No, America's influence over its globe-spanning empire is predicated on that. That's not the same thing as it's national security. It would do just fine if it weren't the head of a global hegemony, although it might have to start living within its means.

Security-wise, two oceans, vassal neighbours and two thousand nuclear missiles have it covered.

> Security-wise, two oceans, vassal neighbours and two thousand nuclear missiles have it covered.

You need to take a moment and think about your "vassal states" argument. May I remind you that at the peak of the cold war the US had a hostile country plant their nukes right at the doorstop of the US in one of those neighbors who not so long before was a vassal state?

If America had not been escalating with embargo pressure, the Bay of Pigs invasion, covert regime-change operations, and forward nuclear deployments near the USSR that made Moscow eager to answer in kind, the Cuban Missile Crisis never would have happened. A more protectionist America would not have pushed Cuba so hard into Soviet dependence, and the Soviet Union would have had little reason or opportunity put nuclear missiles there in the first place.
The U.S. would do just fine but the rest of the world would descend into chaos and we know this for a fact because it happened twice in just the first 50 years of the 20th century.
perhaps the US would be mostly safe from violence, but not consequences.

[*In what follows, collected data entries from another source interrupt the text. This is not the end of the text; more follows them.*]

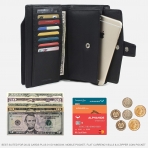 Deri astar - Fermuar kapatma - ÜSTÜN İŞÇİLİK - Bu Premium Hakiki Deri Cüzdan, pürüzsüz bir yüzeye ve yumuşak siyah deriye sahiptir. İçeriği güvende tutmak için iki çıtçıtlı modüler tasarım ve siz daha fazla kart ekledikçe genişler. - BÜYÜK KAPASİTE - Kredi kartlarını, banka kartlarını, banka kartlarını, kimlik kartlarını vb. tutmak için 20 kart yuvası, katlanmış nakit, bilet, makbuz, kupon vb. için 2 büyük fatura / banknot bölmesi, büyük bir cep telefonu cebi ve bir bozuk paraları tutmak için genişletilebilir fermuarlı bozuk para cebi bulunur.
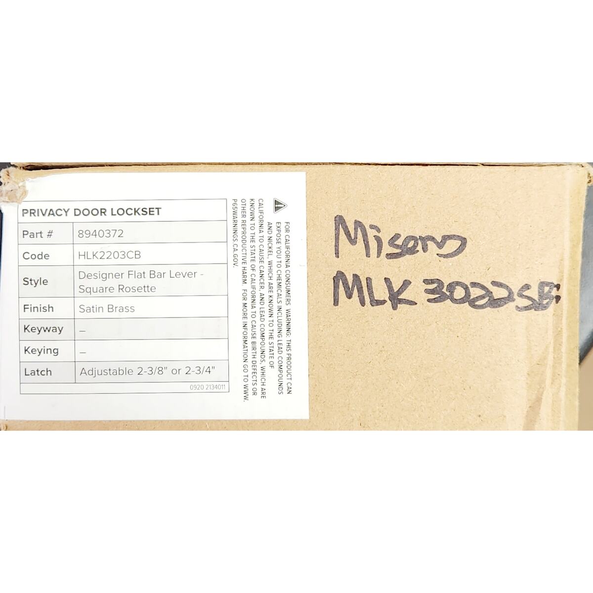 Miseno MLK3022SB Lorton Flat Bar Privacy Door Lever Set - Satin Brass
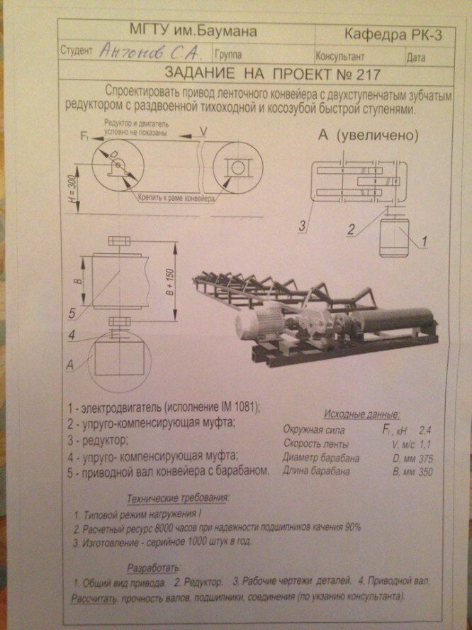 Главная » Учебные материалы » Детали машин (ДМ) » Курсовые работы » МГТУ им. Н.Э.Баумана » 6 семестр » Номер ДМ » Вариант 217 » ДМ №217- Привод ленточного конвейера с двухступенчатым зубчатым редуктором с раздвоеной тихоходной ступенью

We're heavily dependent on international trade and any major war in another part of the world will impact us if it involves any important trading partners or their ability to trade with us.

Even in the 19th century the US was sucked into Europe's wars - the war of 1812 was essentially the American theater of the Napoleanic war - US merchants were attacked trying to trade with France/Europe, the US Navy tried to protect them saying "we're neutral let us trade" and Britain said "there's no such thing as neutral" and sent armies. Over time foreign powers got more wary of fighting the US but we still got dragged into European and Pacific wars (WWI, WWII), in large part because we kept trading with our European and Asian partners.

Nearly everyone in the world is heavily dependant on international trade.

They all manage to get by without the leverage of 11 carrier fleet groups. You know, trade between equals, and not subjects.

WW2 was largely driven by the personalities involved. Roosevelt really, really, really hated fascism, and was doing everything in his power to stick it in their wheel spokes. Had the industrialist coup succeeded, or had Hoover or Landon won, it's quite likely that neither would have done much to oppose either Japan or Germany.

WW1 was also driven by principles, as opposed to pragmatism. Wilson found more alignment with the anglosphere than he did with the central powers - and after watching the most destructive war in history go on for four years, was keen on embarking on his League of Nations project. Practically, there was no reason for the US to not maintain neutrality in it.

well sure not everyone needs a huge military. Especially when their large trading partner has one and is guaranteeing security.

I don't entirely buy your personalities argument - it certainly mattered, but in an alternate universe where Hitler still rose to power but e.g. FDR didn't get a 3rd term - a European war would've still caused problems for America and US/Europe trade would've likely come under fire dragging the US towards fighting in the war; in 1939 US GDP was $93.4 billion with $3.2 billion in exports and $2.3 billion in imports... far less important than today (where imports/exports are more than 10% of GDP) but still fairly substantial.

But it's hard to say how things would've turned out. With different leaders the politics of it would've mattered a lot; without US support WWII could've still easily been raging in 1944, an election year, and so an anti-war president could've been replaced. Or maybe Britain would've had a hard time holding out against constant assault without American supplies purchased with US government money, the USSR wouldn't have been able to bear the full brunt of Nazis who were less tied up on the western front, and by the time America considered joining the war under a different leader, it would've looked like a go-it-alone job. Still it's hard to imagine a world in which the Axis didn't bite off a bit more than it could chew.